The most widely accepted theory behind Alzheimer’s disease currently involves the build-up of amyloid-beta and tau proteins in the brain. While it is known that these proteins play a role in the disease, the exact mechanism is still not clear. Researchers from McGill University conducted a study that found increased levels of both amyloid-beta and tau proteins in the brain may lead to changed brain activity before the cognitive symptoms of Alzheimer’s disease appear. This sheds new light on how these proteins might impact brain function.
Amyloid-beta and tau proteins are naturally found in the brain, but in Alzheimer’s disease, they start to accumulate, potentially altering brain activity and leading to cognitive decline. The study recruited participants with a family history of Alzheimer’s disease and used PET scans to detect the presence of the proteins in the brain. The researchers also recorded brain activity using magnetoencephalography in the areas where the proteins were present. The study found that individuals with elevated levels of both amyloid-beta and tau proteins exhibited changes in brain activity that preceded cognitive symptoms.
The study concluded that individuals with higher levels of amyloid-beta showed signs of brain hyperactivity, while those with higher levels of both amyloid-beta and tau experienced brain slowing or hypoactivity. Participants with hypoactivity also demonstrated increased attention and memory decline. The connection between the early build-up of amyloid-beta and tau, changes in brain activity, and later cognitive deficits highlights the importance of understanding how these proteins impact the brain before symptoms appear. The researchers plan to follow the participants over nearly 10 years to refine predictions of cognitive decline and Alzheimer’s symptoms based on brain scans and cognitive testing.

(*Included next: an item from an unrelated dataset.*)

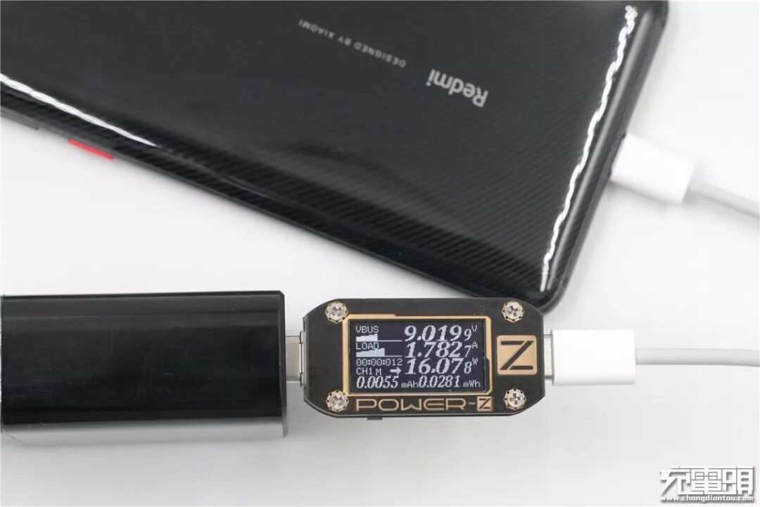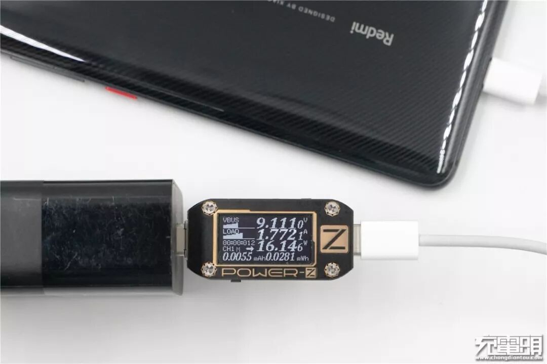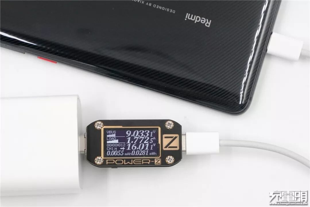 使用小米18W QC充电器充Redmi K20 Pro,电压9.01V,电流1.77A,功率16W,开启QC快充。

Neurologist Clifford Segil expressed some skepticism regarding the study’s findings, questioning how the authors determined that participants would have long-term cognitive declines based on the data. He highlighted the controversy surrounding the belief that brain amyloid and tau levels directly cause cognitive issues. Many clinicians remain unconvinced that the build-up of these proteins is pathological and leads to cognitive decline. Segil emphasized the lack of noticeable changes in cognitive abilities in patients receiving anti-amyloid medications, suggesting that amyloid and tau proteins may not be as toxic as once believed.
Segil called for follow-up cognitive testing to determine if individuals with high levels of brain amyloid or tau indeed have poor cognition. He noted that the use of anti-amyloid medications in the United States has not shown meaningful changes in cognitive status in patients, further casting doubt on the relationship between brain proteins and cognitive decline. The study’s findings provide valuable insights into the early changes in brain activity associated with Alzheimer’s disease and the potential impact of amyloid-beta and tau proteins, but further research is needed to fully understand the complexities of the disease.